The survey provides an overview of machine learning projects utilizing crowdsourcing research. The author focuses on four application areas where crowdsourcing can be used in machine learning research: data generation, models evaluation and debugging, hybrid intelligence systems, and behavioral studies to inform ML research. She argues that crowdsourced studies of human behavior can be valuable for understanding how end users interact with machine learning systems. Then, she argues that these studies are also useful to understand crowdworkers themselves. She explains that it is important to understand crowdworkers and how that would help in defining recommendations of best practices that can be used when working with the crowd. The case studies that she presents show how to effectively run a crowdwork study and provide additional sources of motivation for workers. The case studies also answer how common is dishonesty on crowdsourcing platforms and how to mitigate it when encountered. They also show the hidden social network of crowdworkers and unmask the misconception of independence and isolation in crowdworkers. The author concludes with new best practices and tips for projects that use crowdsourcing. She also emphasizes the importance of pilots to a project’s success.

Reflection

This paper focuses on answering the question: how crowdsourcing can advance machine learning research? It asks the readers to consider how machine learning researchers

think about crowdsourcing. Suggesting an analysis of multiple ways in which crowdsourcing

can benefit and sometimes benefit from machine learning research. The author focuses her attention on 4 categories:

  • Data generation:

She analyzes case studies that aim to improve the quality of crowdsourced labels.

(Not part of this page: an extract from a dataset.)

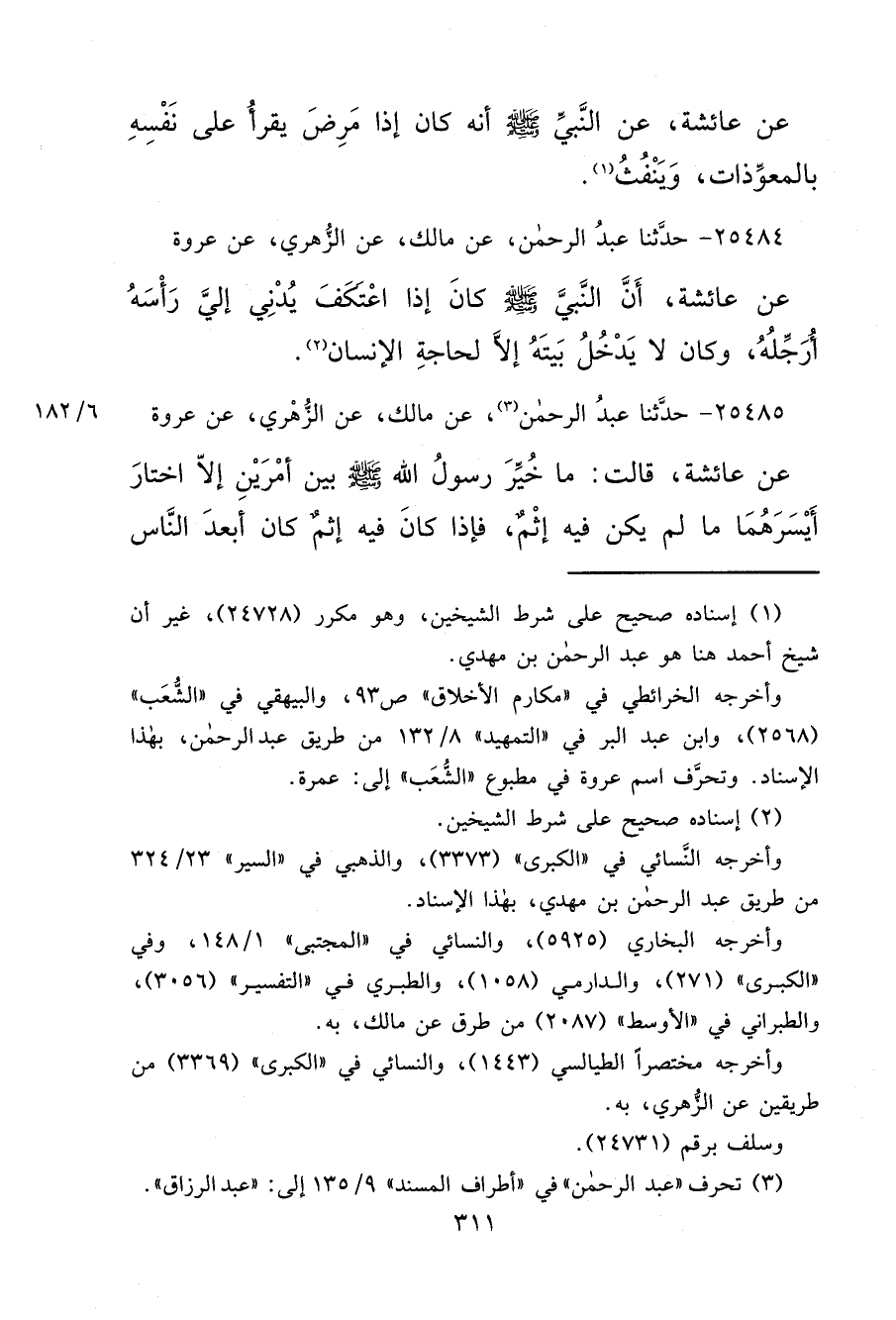 ٢٥٤٨٥ - حَدَّثَنَا عَبْدُ الرَّحْمَنِ (٣) ، عَنْ مَالِكٍ، عَنِ الزُّهْرِيِّ، عَنْ عُرْوَةَ، عَنْ عَائِشَةَ، قَالَتْ: " مَا خُيِّرَ رَسُولُ اللهِ صَلَّى اللهُ عَلَيْهِ وَسَلَّمَ بَيْنَ أَمْرَيْنِ إِلَّا اخْتَارَ أَيْسَرَهُمَا مَا لَمْ يَكُنْ فِيهِ إِثْمٌ، فَإِذَا كَانَ فِيهِ إِثْمٌ كَانَ أَبْعَدَ النَّاسِ

  •  Evaluating and debugging models:

She discusses some papers that used crowdsourcing in evaluating unsupervised machine learning models.

  • Hybrid intelligence systems:

She shows examples of utilizing the “human in the loop” and how these systems are able to achieve more than would be possible with state of the art machine learning or AI systems alone because they make use of people’s skills and knowledge.

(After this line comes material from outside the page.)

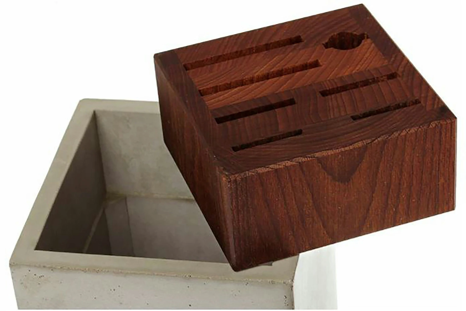 – Hergestellt aus Zement und Holz.

  • Behavioral studies to inform machine learning research:

This category discusses interpretable machine learning models design, the impact of algorithmic decisions on people’s lives, and questions that are interdisciplinary in nature and require better understanding of how humans interact with machine learning systems and AI.

The remainder of her survey provides best practices for crowdsourcing by analyzing multiple case studies. She addresses dishonest and spam-like behavior, how to set payments for tasks, what are the incentives for crowdworkers, how crowdworkers can motivate each other, and the communication and collaboration between crowdworkers.

I find that the community of crowdworkers was the most interesting to read. We have always thought that they’re isolated and independent workers. Finding about the forums, how they promote good jobs, and how they encourage one another was surprising.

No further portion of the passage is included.